In order to cope with the financial crisis of the current financial year, in the new budget, a proposal for a conspicuous reduction in the rates of duties on cellular phones is under consideration, which is about 100% to 150% at present on small and big mobile phones. 

The mobile industry is on the brink of collapse due to an increase in taxes. It not only affected traders but also made the life of millions of people difficult to earn a livelihood.

It has been learnt that a delegation of the Mobile Phones Traders Association has given recommendations to Finance Minister Ishaq Dar and other senior officials. 

The delegation ensured that efforts would be made to include the recommendations in the budget. These proposals and recommendations are being reviewed to make them a part of the new budget.
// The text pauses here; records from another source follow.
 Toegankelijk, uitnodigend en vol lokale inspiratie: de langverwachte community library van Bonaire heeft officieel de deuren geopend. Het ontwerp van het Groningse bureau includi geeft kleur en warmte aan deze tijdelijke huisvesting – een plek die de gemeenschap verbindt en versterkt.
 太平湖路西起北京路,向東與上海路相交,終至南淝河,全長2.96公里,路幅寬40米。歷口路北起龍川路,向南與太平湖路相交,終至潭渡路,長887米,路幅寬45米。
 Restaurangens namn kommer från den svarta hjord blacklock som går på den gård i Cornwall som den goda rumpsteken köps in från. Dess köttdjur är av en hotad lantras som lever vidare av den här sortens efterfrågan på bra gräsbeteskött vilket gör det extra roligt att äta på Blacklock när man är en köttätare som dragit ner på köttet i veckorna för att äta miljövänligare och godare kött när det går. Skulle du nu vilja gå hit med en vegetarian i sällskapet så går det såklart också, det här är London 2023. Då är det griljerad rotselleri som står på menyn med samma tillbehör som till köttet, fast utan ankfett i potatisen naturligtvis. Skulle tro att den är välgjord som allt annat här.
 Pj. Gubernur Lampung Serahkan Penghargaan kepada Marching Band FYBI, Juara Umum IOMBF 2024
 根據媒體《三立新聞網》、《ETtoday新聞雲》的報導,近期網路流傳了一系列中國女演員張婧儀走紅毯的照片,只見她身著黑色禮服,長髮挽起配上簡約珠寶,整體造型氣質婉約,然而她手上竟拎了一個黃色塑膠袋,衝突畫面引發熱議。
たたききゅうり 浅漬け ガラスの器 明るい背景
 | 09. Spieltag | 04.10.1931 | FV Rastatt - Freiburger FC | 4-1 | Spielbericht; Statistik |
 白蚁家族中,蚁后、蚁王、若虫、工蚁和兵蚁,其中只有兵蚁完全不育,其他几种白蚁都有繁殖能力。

It has been learnt that a 75% duty was imposed on cellular phones in Pakistan as compared to other countries of the region like Singapore, Bangladesh and Turkey where it is not at that level. That is the reason people are using smartphones without paying duties in connivance with FBR.

The additional 100% to 150% duty on cell phones has made it out of reach of the poor, labourers, daily wagers, students, professionals, the lawyer community, and civil society. 

All Pakistan Mobile Phones Traders Association General Secretary Munir Beg Mirza said that due to the ban on the import of used mobile phones, smuggling has increased to give favour to a few companies. 

Also, people are using smartphones illegally without paying heavy taxes to enjoy all functions of smartphones, which is inflicting a loss on the national kitty.

He said that not only every consumer would pay tax but also the government would get Rs100 billion instead of Rs5 billion on phones if an appropriate duty was imposed in the new financial year.